Владислав Ходасевич – а он, пусть и со стороны, своими глазами наблюдал, как неохотно пересаживался Сергей Есенин из увитой полевыми цветами полумаскарадной, клюевской работы, телеги в словесный экипаж имажинистов, – писал в «Некрополе»: «Есенина затащили в имажинизм, как затаскивали в кабак. Своим талантом он скрашивал выступления бездарных имажинистов, они питались за счет его имени, как кабацкая голь за счет загулявшего богача». Мариенгоф, разумеется, предлагает к размышлению прямо противоположную версию. Дескать, Есенин примкнул к ним, потому что это было ему удобно. На самом же деле речь надобно вести не об удобстве, а о выгоде. Словесный экипаж имажинизма (под черным мариенгофским вымпелом) потому и не опрокидывался так долго, что общественный договор (противоестественный с точки зрения высокой литературы), объединив имажинистов в «Ассоциацию вольнодумцев», был выгоден всем ее членам. Несмотря на мелкие неудобства каждого в отдельности.

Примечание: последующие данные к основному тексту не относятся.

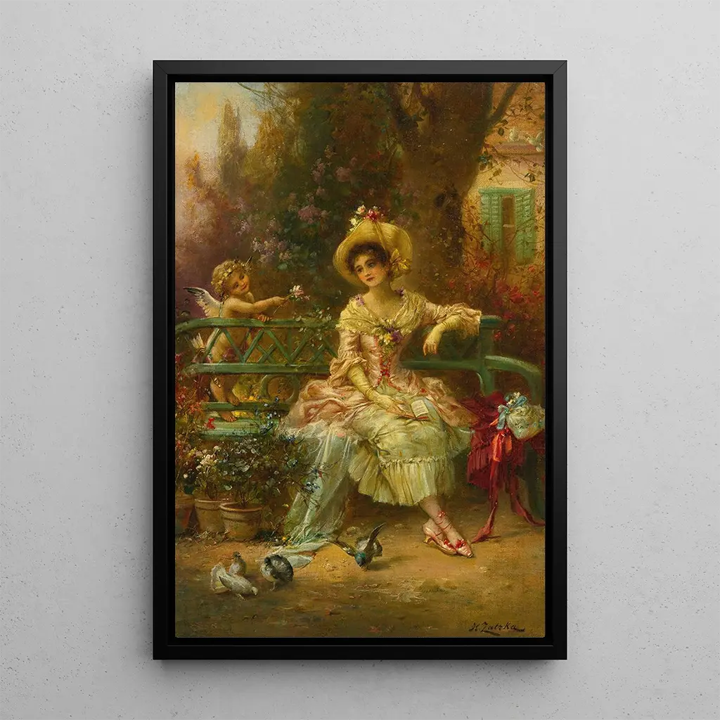 Pensando a lui di Hans Zatzka è un'opera che evoca una profonda introspezione e una delicata malinconia. La composizione mette in scena una giovane donna, immersa nei suoi pensieri, circondata da un cornice floreale rigogliosa. I colori morbidi e pastello, come le rose e i blu, creano un'atmosfera sognante e nostalgica. La tecnica di Zatzka, con i suoi tocchi di pennello delicati e i dettagli raffinati, conferisce a questa tela un'atmosfera intima. Ogni sguardo rivolto a questa stampa d'arte invita a percepire le emozioni della protagonista, facendo di quest'opera un vero specchio dell'anima.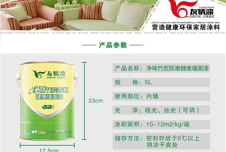 友情漆 凈味竹炭防潮健康墻面漆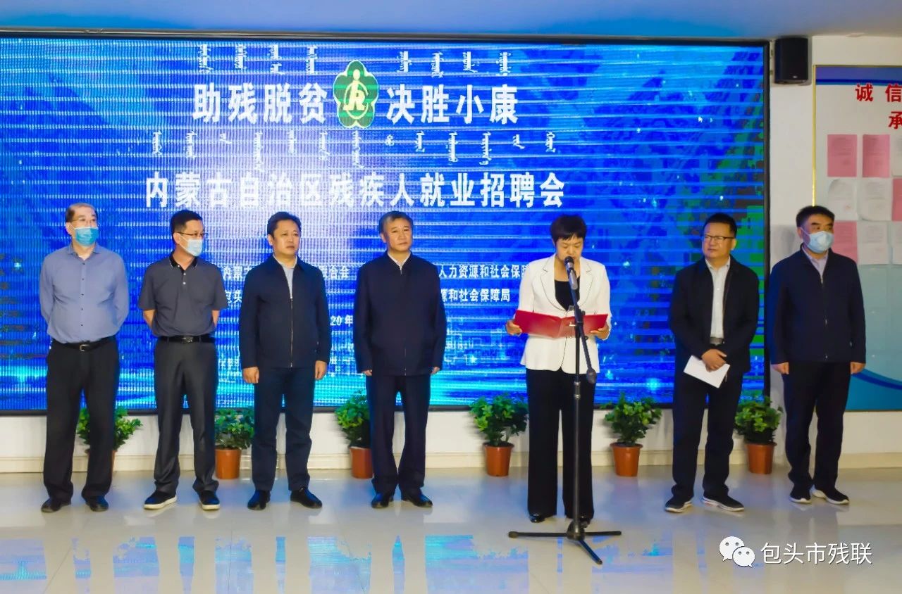 在全国两会胜利召开之际,为扎实做好残疾人“稳就业”工作,克服新冠肺炎疫情带来的不利影响,切实帮助残疾人实现就业。5月22日,自治区残疾人就业专场招聘会在我市人力资源市场举办。此次活动由自治区残疾人联合会、自治区人力资源和社会保障厅主办,包头市残疾人联合会、包头市人力资源和社会保障局承办。自治区残联党组书记、理事长佟国清、包头市政府副市长王秀莲、自治区残联党组成员、副理事长贾鹏、教就部主任伊卫军、自治区残疾人就业管理中心主任张勤、自治区人社厅农牧民工管理处处长李国华出席启动仪式。启动仪式由包头市残联党组书记、理事长张瑞平主持。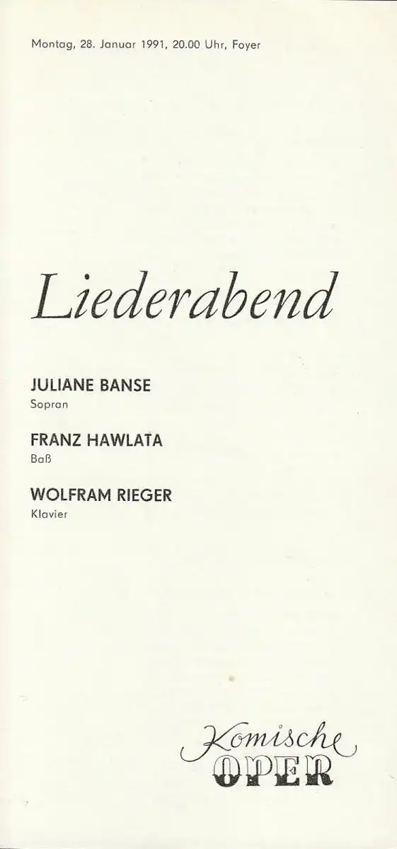 Komische Oper Berlin, G. Müller: Programmheft LIEDERABEND JULIANE BANSE / FRANZ HAWLATA / WOLFRAM RIEGER 28. Januar 1991 Foyer Komische Oper Spielzeit 1990 / 91.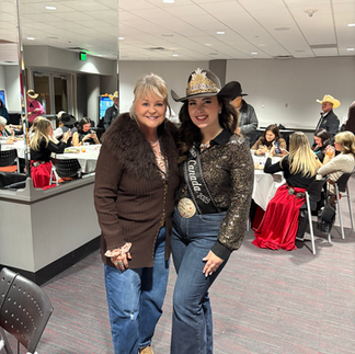 While in Vegas, I also had the opportunity to reconnect with many of my generous sponsors, including Wrangler, Double D Ranchwear,Dan Post Boots, Fellowship of Christian Cowboys, Montana Silversmiths, and Barry Lammle of Lammle’s Western Wear, who so kindly invited Miss Rodeo America and me to visit his suite. Thank you to Cheryl Daines (MRC1988) and Jeff Chadwick (Wrangler) for the amazing rodeo tickets. These moments of connection and gratitude meant the world to me and reminded me how blessed I have been to be supported by such an incredible community.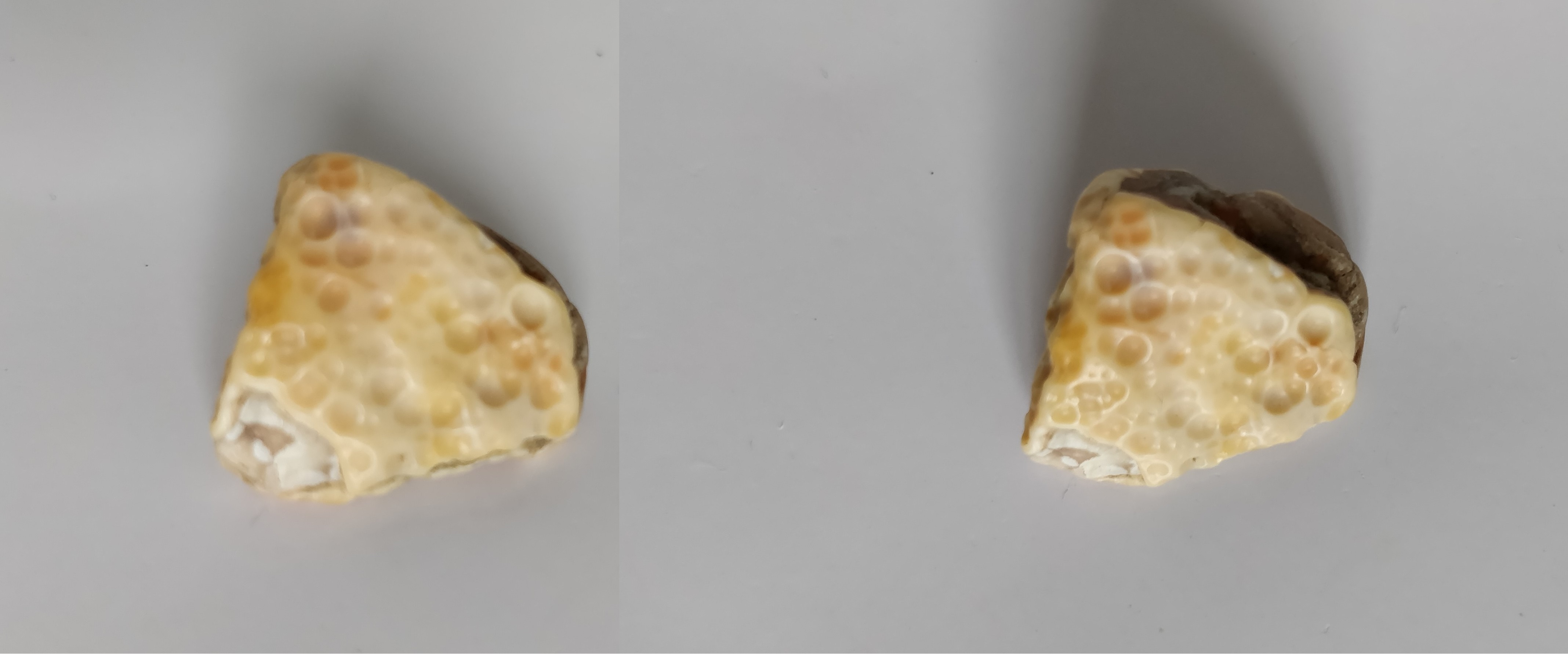 De eerste is een afdruk van een crinoïde, opgerold, gevonden in de omgeving van Givet. De tweede is een zeeëgeltje (Hemicidaris sp.). De derde is nog een vraagteken, maar vind ik wel een intrigerend stuk. Gevonden in een oude kalkgroeve nabij Fraillicourt. Boven-Jura, Oxforidiën (waarschijnlijk). Het stuk is in ieder geval volledig verkiezeld. Op de laatste foto's zijn wat details te zien. Mogelijk een spons? Op internet heb ik nog geen match kunnen vinden.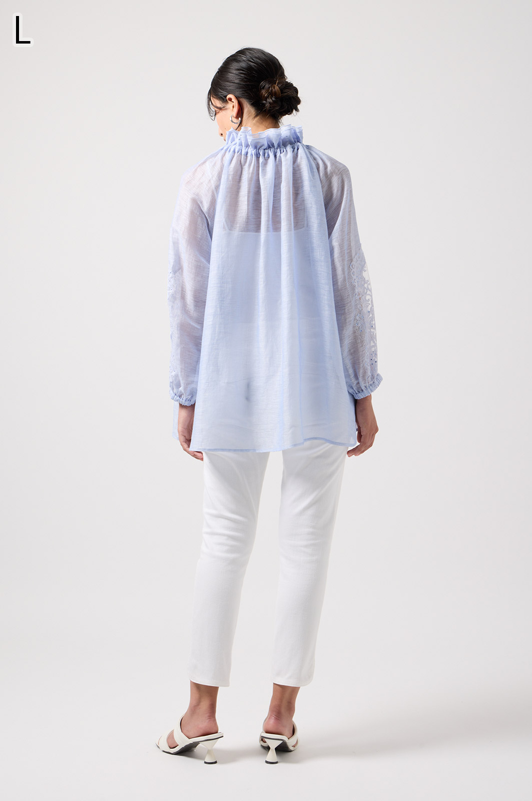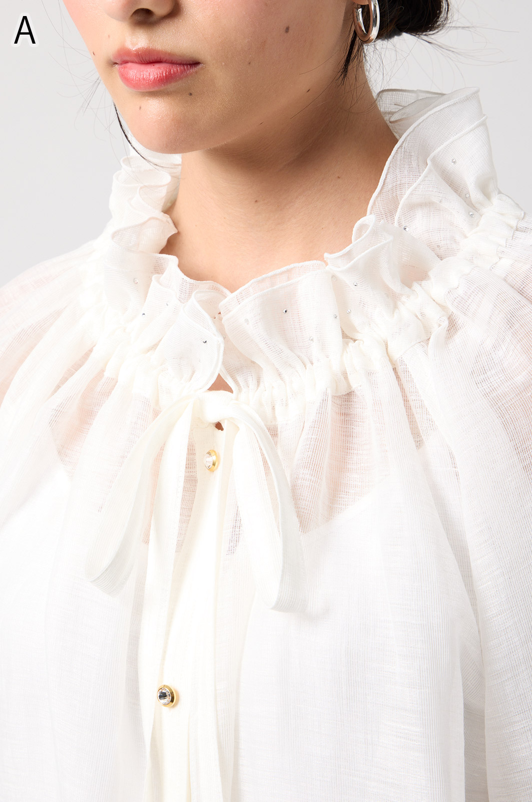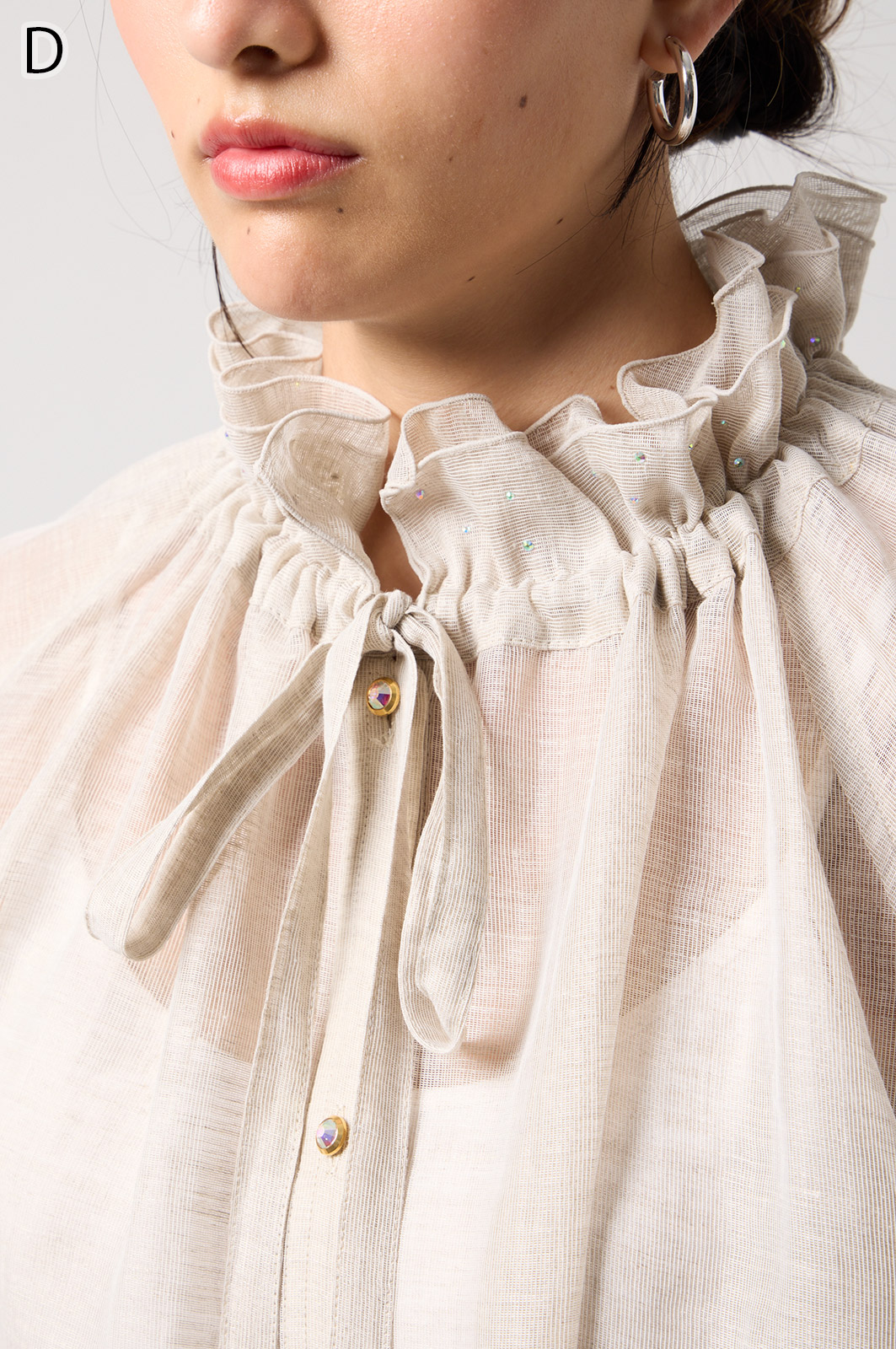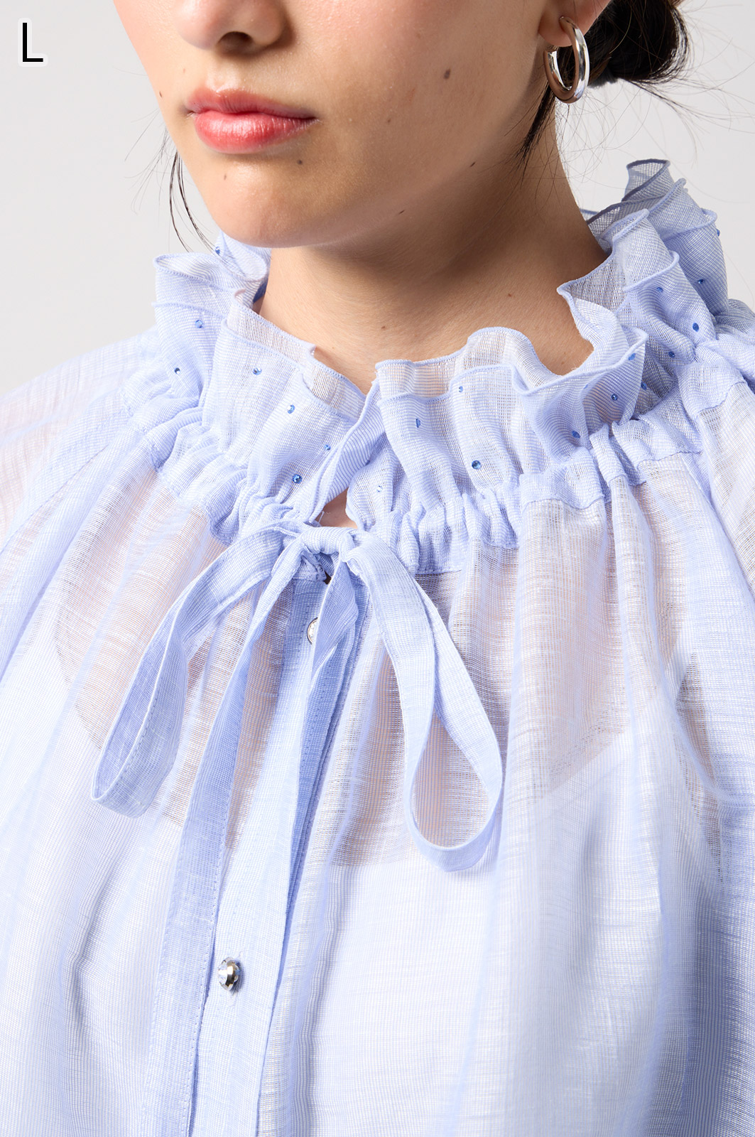 羽のように軽やかな麻入り素材を使い、衿元のフリルと袖のレースが女性らしさを引き立てる、涼しく羽織れるブラウスです。

Вот что пишет такой серьезный, не склонный к преувеличениям есеневед, как Сергей Владимирович Шумихин:

«Имажинистская среда рисуется обычно как некая перманентная богемная оргия… причем усиленно подчеркивается вредное влияние, которое оказывали имажинисты на случайно прибившегося к ним Есенина… Во всем ли верны подобные представления? Факты свидетельствуют о незаурядной деловой хватке имажинистов, об организаторских способностях Мариенгофа, Шершеневича, Кусикова, которые не укладываются в рамки представлений о безалаберной и пьяной богемщине. В годы бумажного голода и остановки типографий имажинисты основывают свое издательство и всеми правдами и неправдами выпускают несколько десятков своих сборников, организуют журнал “Гостиница для путешествующих в прекрасном”… Еще до прихода нэпа работают и приносят доход два кооперативных имажинистских книжных магазина, кафе “Стойло Пегаса”, устраиваются поэтические вечера, читаются лекции. Есенин и Мариенгоф, как об этом рассказывается в “Романе без вранья”, успешно избегают мобилизации в армию (чего им не удалось сделать до революции). Рискованные похождения, в результате которых герои воспоминаний попадают в милицию и даже в ВЧК, как по вмешательству deus ex machina , оканчиваются без всяких последствий. Не менее необычным на фоне эпохи военного коммунизма выглядит житейское устройство имажинистов. Мариенгоф заказывает костюмы и пальто у лучшего портного Москвы и уговаривает сделать то же самое Есенина… Питаются друзья не только “коричневой бурдохлыстиной и нежным мясом жеребят в общественных столовых”, но и “необыкновенными слоеными пирожками и свиными отбивными, а также рябчиками, глухарями, пломбирами, фруктовыми муссами, золотыми ромовыми бабами”, которыми кормит Есенина и Мариенгофа

экономка (?) Эмилия. Более того, арестованные во время облавы в притоне, они захватывают с собою в тюрьму “одеяла, подушки, головку сыра, гусей, кур, свиную корейку и телячью ножку”».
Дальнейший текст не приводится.